Sue --
 
We're MAGIC 5.5 and went live with NUR documentation a little over a year
ago.  We attributed quite a bit, and a lot of what we did has been very
helpful.  Skip queries and Y/N toggles, for instance.  We also use totalling
attributes here and there, which can have some issues if one of the values
is changed, so then you need to build in some controls for that AND train
staff to how it works. 
 
Attributes don't work in the Point Of Care format, so bear that in mind if
you plan to go that route.
 
I'm not sure that I'd say attributes have slowed staff down, but it's
certainly true that the best screen in the world won't make up for an iffy
process.  There's something to be said for keeping screens as
straightforward as possible; we haven't had a version upgrade since we went
live with NUR documentation but I hear that there can be problems with
attributes.  
 
I've seen some amazingly creative and effective attributing discussed on the
L, and we've done some here, but don't get into the state of diminishing
returns.  Here's an example: pulling lab results (or other info from outside
NUR) onto a screen.  It can be done -- we do it, on several screens -- but
before you do, walk right through your process and make sure you're clear
what you really need.  Maybe you need that value on a printed report with
the information from the screen, or in a PCI query group, rather than ON the
screen.

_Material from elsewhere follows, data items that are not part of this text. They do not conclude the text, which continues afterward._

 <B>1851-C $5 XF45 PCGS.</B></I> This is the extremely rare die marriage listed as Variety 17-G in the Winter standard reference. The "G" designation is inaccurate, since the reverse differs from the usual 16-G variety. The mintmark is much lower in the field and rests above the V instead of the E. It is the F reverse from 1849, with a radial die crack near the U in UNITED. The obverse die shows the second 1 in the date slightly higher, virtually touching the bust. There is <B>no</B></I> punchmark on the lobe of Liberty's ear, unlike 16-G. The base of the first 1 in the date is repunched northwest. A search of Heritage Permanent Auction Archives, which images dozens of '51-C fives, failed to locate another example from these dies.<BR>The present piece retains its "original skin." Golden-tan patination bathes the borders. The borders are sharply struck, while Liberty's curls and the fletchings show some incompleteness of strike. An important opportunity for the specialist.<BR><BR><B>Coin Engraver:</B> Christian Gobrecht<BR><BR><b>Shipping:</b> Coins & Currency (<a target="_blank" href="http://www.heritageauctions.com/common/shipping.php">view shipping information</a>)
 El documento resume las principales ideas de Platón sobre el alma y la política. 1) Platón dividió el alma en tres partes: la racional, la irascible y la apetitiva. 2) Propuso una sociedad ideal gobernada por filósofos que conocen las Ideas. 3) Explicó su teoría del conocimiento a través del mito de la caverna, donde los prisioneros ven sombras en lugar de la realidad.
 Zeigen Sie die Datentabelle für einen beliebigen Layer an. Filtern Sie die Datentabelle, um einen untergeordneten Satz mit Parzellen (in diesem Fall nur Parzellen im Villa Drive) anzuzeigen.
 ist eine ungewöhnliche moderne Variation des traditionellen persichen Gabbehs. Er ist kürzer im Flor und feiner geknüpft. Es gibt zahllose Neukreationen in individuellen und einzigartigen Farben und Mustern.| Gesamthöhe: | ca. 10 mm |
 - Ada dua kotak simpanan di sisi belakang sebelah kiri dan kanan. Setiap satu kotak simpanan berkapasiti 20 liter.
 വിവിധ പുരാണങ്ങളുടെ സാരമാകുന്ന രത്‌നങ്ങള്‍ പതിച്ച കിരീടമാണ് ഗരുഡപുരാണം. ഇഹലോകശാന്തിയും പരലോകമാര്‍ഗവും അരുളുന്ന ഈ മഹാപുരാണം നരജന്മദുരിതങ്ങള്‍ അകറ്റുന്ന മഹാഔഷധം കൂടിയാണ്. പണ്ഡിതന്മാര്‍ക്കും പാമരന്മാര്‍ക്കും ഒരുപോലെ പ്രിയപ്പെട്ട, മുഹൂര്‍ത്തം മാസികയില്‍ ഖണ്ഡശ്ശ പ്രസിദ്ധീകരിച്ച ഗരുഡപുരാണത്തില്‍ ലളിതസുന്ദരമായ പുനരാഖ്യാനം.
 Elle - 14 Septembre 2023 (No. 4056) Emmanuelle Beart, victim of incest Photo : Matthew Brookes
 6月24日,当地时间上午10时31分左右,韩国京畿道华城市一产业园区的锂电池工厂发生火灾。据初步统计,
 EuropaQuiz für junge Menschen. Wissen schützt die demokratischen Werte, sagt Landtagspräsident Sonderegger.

It's easy to put a lot of time into something like that: make sure
it truly serves your process. 
 
Hope that gives you an idea of our experience!
 
 
Linda Bulger
System Analyst
Franklin Memorial Hospital
1-207-779-3121
 
 

-----Original Message-----
From: Susan Graham [mailto:[EMAIL PROTECTED]
Sent: Friday, July 20, 2007 11:57 AM
To: [email protected]
Subject: [MEDITECH-L] NUR Assessment documentation and use of Attributes


Hello L List  NUR users,
 
We are a MAGIC site in the process of implementing NUR for the first time.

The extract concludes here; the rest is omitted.